→ **WORK INSTRUCTIONS**: The whole listing should be retyped word for word, apart from the pictures it holds.

━━━ RAW DATA ━━━

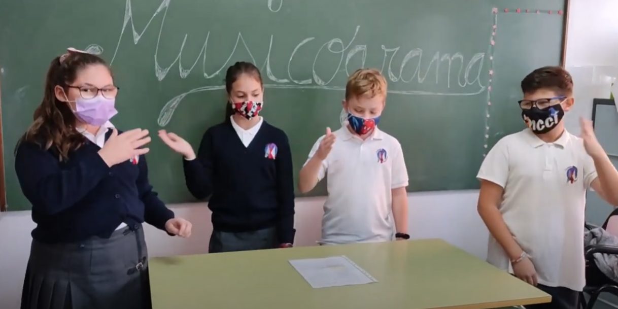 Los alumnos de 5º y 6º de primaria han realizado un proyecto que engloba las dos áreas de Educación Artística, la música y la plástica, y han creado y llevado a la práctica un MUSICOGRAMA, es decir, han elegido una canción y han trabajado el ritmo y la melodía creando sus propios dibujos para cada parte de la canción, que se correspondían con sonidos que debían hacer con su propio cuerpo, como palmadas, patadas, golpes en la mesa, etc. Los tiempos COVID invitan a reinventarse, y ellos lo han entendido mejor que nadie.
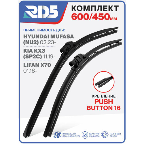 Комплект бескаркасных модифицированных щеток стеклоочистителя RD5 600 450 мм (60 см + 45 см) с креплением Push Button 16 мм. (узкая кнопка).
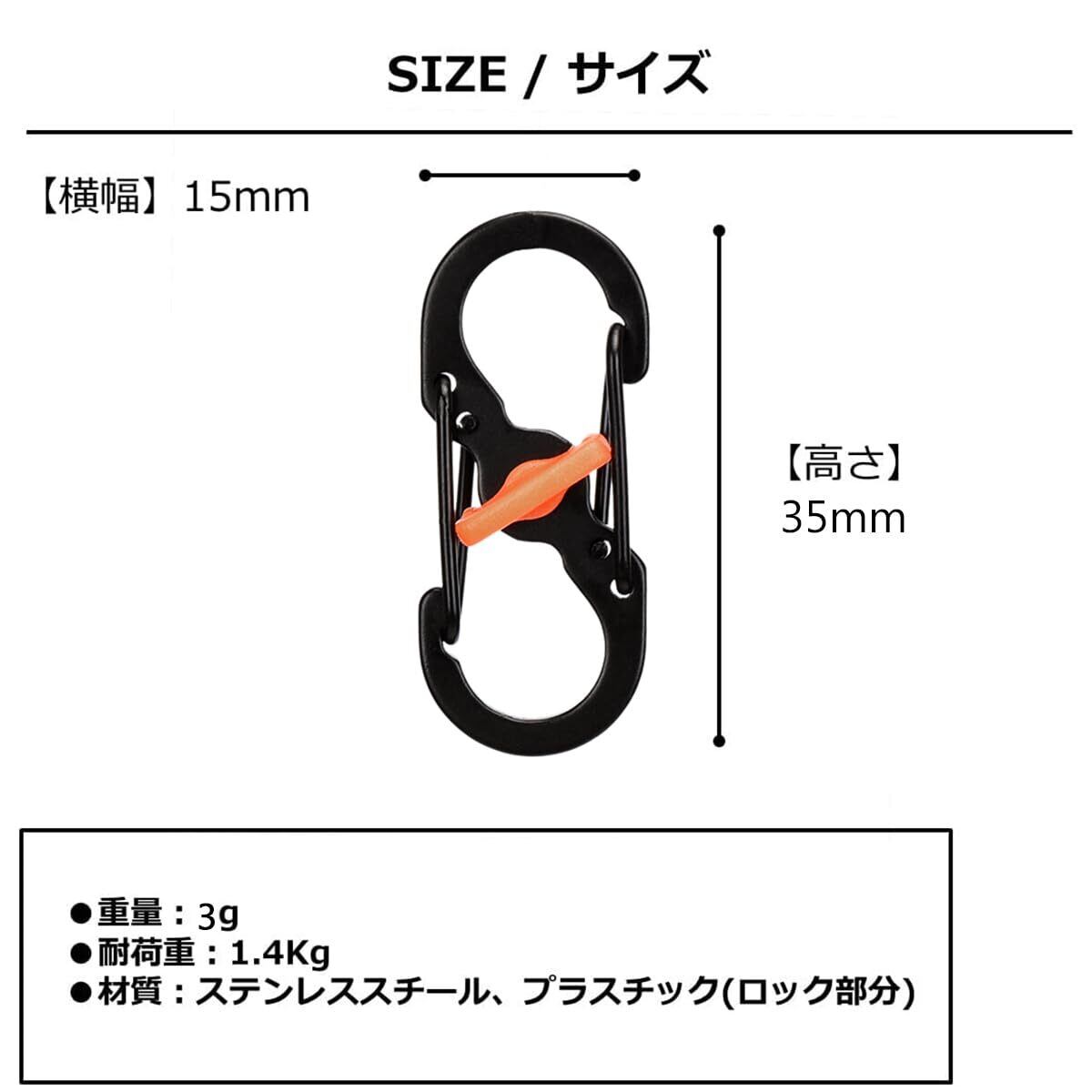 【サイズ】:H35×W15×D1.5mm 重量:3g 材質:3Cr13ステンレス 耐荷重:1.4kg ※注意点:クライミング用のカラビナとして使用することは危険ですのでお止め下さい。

━━━

→ **SOLUTION FOR THIS EXERCISE**:
 Los alumnos de 5º y 6º de primaria han realizado un proyecto que engloba las dos áreas de Educación Artística, la música y la plástica, y han creado y llevado a la práctica un MUSICOGRAMA, es decir, han elegido una canción y han trabajado el ritmo y la melodía creando sus propios dibujos para cada parte de la canción, que se correspondían con sonidos que debían hacer con su propio cuerpo, como palmadas, patadas, golpes en la mesa, etc. Los tiempos COVID invitan a reinventarse, y ellos lo han entendido mejor que nadie.
 Комплект бескаркасных модифицированных щеток стеклоочистителя RD5 600 450 мм (60 см + 45 см) с креплением Push Button 16 мм. (узкая кнопка).
 【サイズ】:H35×W15×D1.5mm 重量:3g 材質:3Cr13ステンレス 耐荷重:1.4kg ※注意点:クライミング用のカラビナとして使用することは危険ですのでお止め下さい。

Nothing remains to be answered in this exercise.